= Sawndip literature =

Literature using Zhuang characters

Sawndip literature consists of folk songs, operas, poems, scriptures, letters, contracts, and court documents written over one thousand years in the Zhuang language in Sawndip script. The Zhuang people produced this literature. The works include both indigenous works and translations from Chinese, fact, fiction, religious, and secular materials. It gives insight into the life of the Zhuang and the people they have had contact with over two millennia. Only a small percentage has been published.

==Characteristics==

Sawndip literature is traditionally written in verse. Folk songs, or stories, are evolved over time. For example, Fwen Ciengzyeingz, meaning "Song to tell others", gives a philosophy of life, and of which Liáng Tíngwàng (梁庭望) observed (from the proper pronouns used), the song's origin was in the Sui–Tang dynasties and with its final form was set almost a thousand years later in the latter part of the Ming dynasty.
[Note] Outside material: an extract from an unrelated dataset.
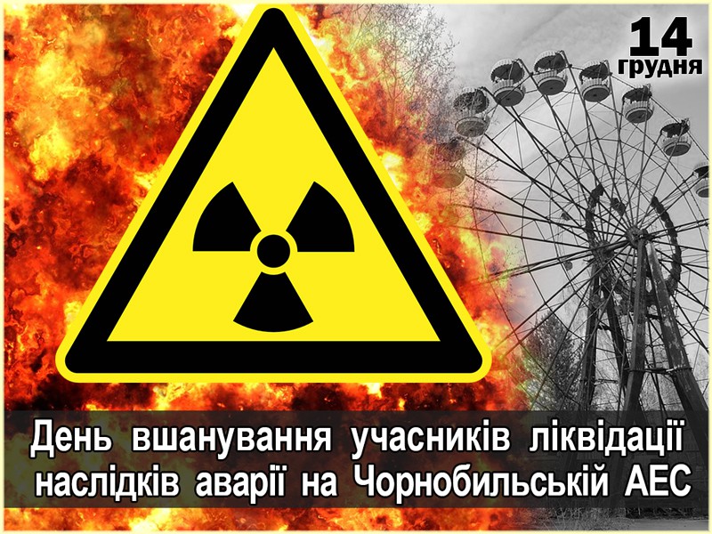 14 грудня в Україні відзначають День вшанування учасників ліквідації наслідків аварії на Чорнобильській АЕС. Ця дата відзначається щорічно у день закінчення будівництва саркофага над зруйнованим четвертим енергоблоком. День пам’яті встановлено в Україні «…з метою гідного відзначення мужності, самовідданості та високого професіоналізму учасників ліквідації наслідків аварії на Чорнобильській АЕС…» згідно з Указом Президента України «Про День вшанування учасників ліквідації наслідків аварії на Чорнобильській АЕС» від 10 листопада 2006 р. № 945/2006.

The two main verse types are either five or seven characters per line, and commonly four lines to a stanza. In some texts lines are resung several times in set combinations, although the lines are only written once. Waist rhyming is common. Older manuscripts for antiphonal songs only record the male lyrics, whereas modern versions may include both male and female lyrics.

==Notable works==

===The Orphan Girl and the Rich Girl (Cinderella)===
One fairy tale that has attracted much attention is "The orphan girl and the rich girl", an early version of Cinderella (Zhuang "Dahgyax Dahbengz" Dah - indicates female, gyax means "orphan" and bengz means "rich") found in Zhuang opera scripts. Ye Xian, a 9th-century Chinese translation of the Zhuang story was written in the Miscellaneous Morsels from Youyang and the modern Sawndip versions are quite similar. Analysis suggests these versions took shape no later than the 10th century.

===Song about Tang Emperors===
"Song about Tang Emperors" ("𠯘唐皇" Fwen Dangzvuengz), is about 5,000 lines long, and mainly about Li Dan the fifth and ninth emperor of the Tang dynasty born in 662. The content is similar to sections of the 18th-century Chinese historical novel Xue gang fan tang (薛刚反唐); hence, it may be an adaptation. Some manuscript evidence suggests it was already in circulation in the 17th century.

===The house-building song===
"The house-building song" has been sung for over a thousand years. It has two parts. The first describes the construction of a traditional stilt house and the second part the customs to ward evil away from the new home.

===The Origin of the Bronze Drum===
"The Origin of the Bronze Drum" tells of the origin of bronze drums that are like "stars" (such drums have a star in the middle of them), that they are as many as the stars of the sky and like stars can ward off evil spirits.